* [GIVEN DATA]

+--

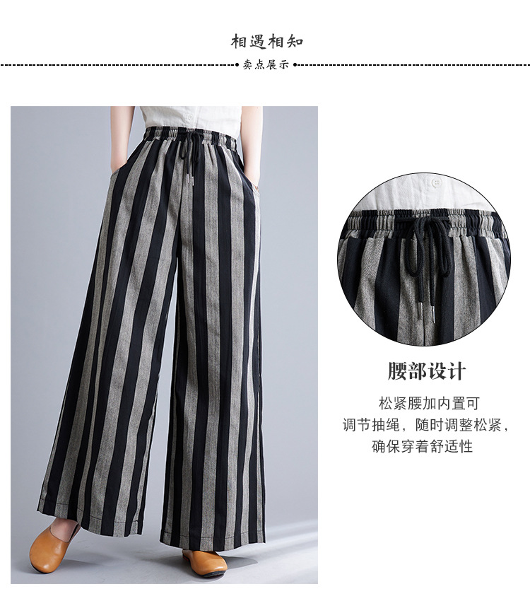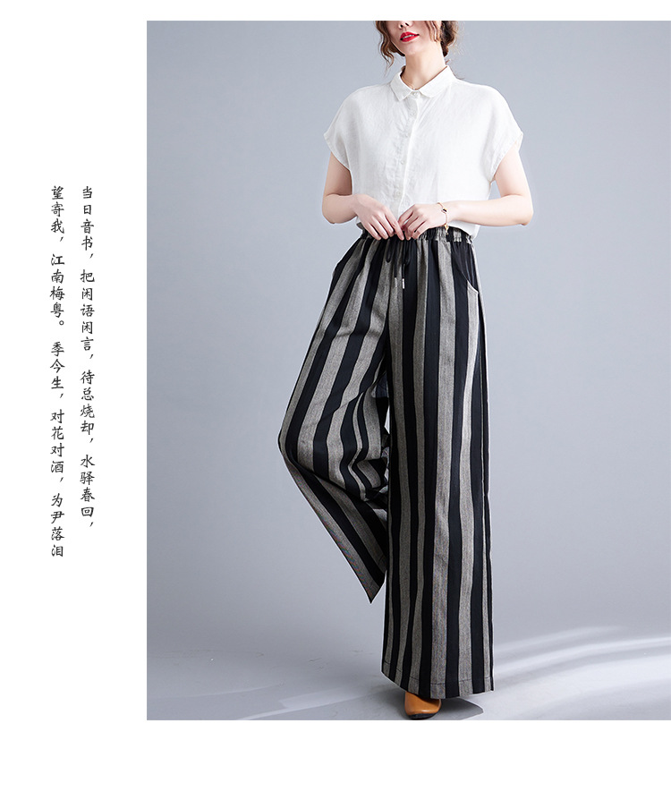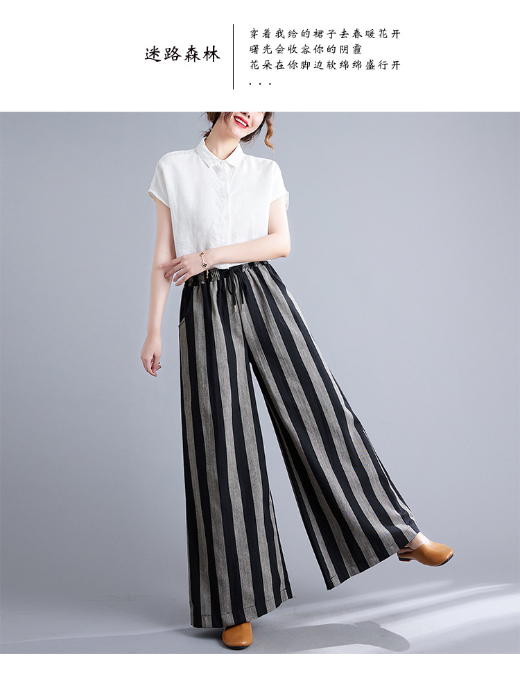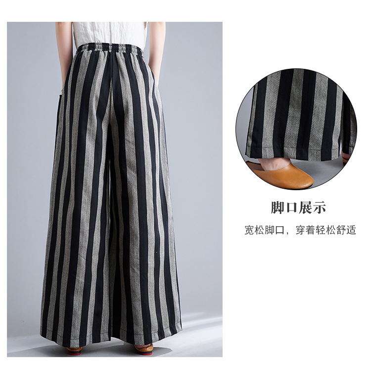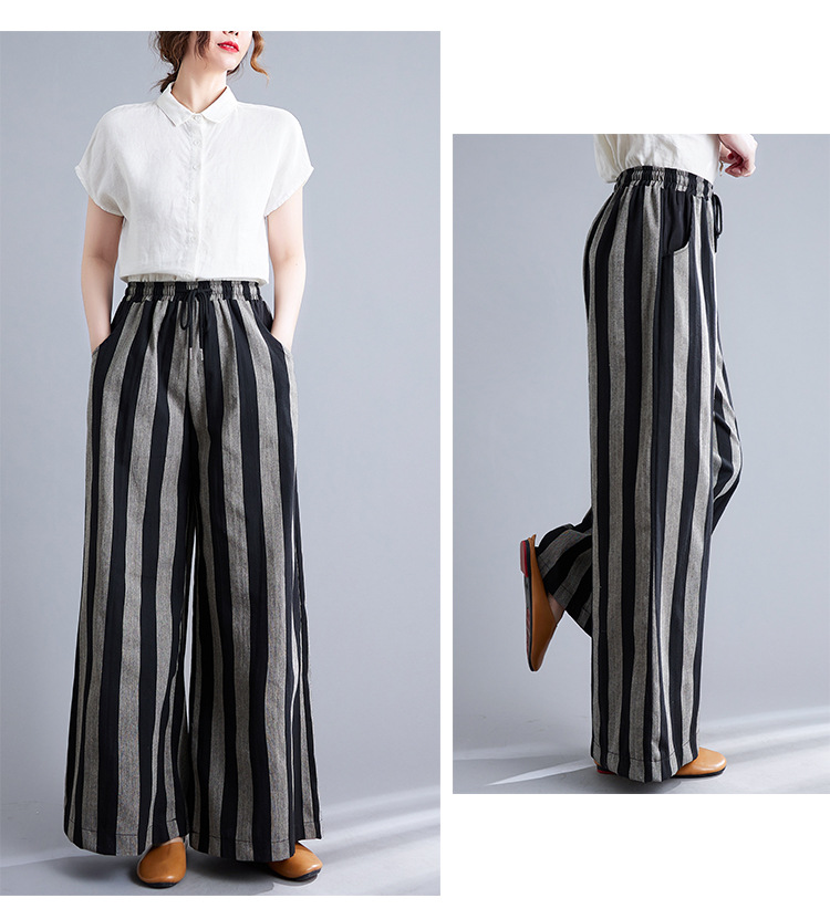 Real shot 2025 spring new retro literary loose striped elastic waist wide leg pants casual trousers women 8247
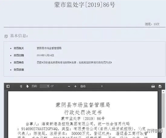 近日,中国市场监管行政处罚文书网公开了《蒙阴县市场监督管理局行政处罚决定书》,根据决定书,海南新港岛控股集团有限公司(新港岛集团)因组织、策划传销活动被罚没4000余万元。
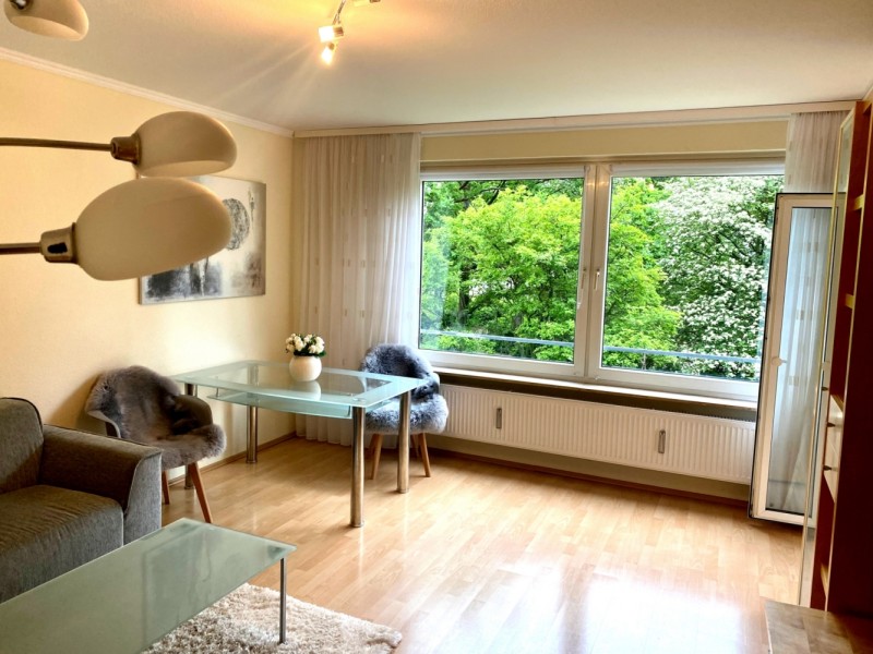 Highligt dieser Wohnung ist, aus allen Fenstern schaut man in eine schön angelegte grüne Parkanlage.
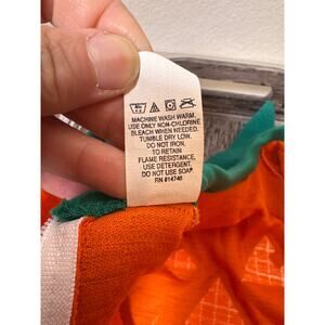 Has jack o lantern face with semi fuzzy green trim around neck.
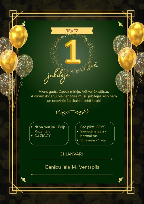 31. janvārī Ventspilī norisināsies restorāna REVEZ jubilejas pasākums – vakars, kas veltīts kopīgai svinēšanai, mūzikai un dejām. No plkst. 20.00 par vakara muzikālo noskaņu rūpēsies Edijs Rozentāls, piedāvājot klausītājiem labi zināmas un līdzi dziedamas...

+--

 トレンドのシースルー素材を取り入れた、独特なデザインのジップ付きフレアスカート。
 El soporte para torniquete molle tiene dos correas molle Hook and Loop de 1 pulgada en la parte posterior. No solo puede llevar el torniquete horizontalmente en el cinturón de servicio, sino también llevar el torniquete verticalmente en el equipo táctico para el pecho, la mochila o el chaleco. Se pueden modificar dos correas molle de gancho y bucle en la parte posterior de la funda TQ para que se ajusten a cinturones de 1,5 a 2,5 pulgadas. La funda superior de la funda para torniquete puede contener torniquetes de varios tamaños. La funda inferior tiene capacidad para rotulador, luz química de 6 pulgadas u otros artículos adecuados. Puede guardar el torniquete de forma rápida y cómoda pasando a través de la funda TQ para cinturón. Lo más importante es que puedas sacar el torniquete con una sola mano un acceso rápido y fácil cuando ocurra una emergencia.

+--

* [TASK]
Could you repeat, exactly, only the lines above starting at the one that has "Highligt dieser Wohnung" and stopping after the one that has "31. janvārī Ventspilī", without the pictures?

* [TASK RESPONSE]
 Highligt dieser Wohnung ist, aus allen Fenstern schaut man in eine schön angelegte grüne Parkanlage.
 Has jack o lantern face with semi fuzzy green trim around neck.
 31. janvārī Ventspilī norisināsies restorāna REVEZ jubilejas pasākums – vakars, kas veltīts kopīgai svinēšanai, mūzikai un dejām. No plkst. 20.00 par vakara muzikālo noskaņu rūpēsies Edijs Rozentāls, piedāvājot klausītājiem labi zināmas un līdzi dziedamas...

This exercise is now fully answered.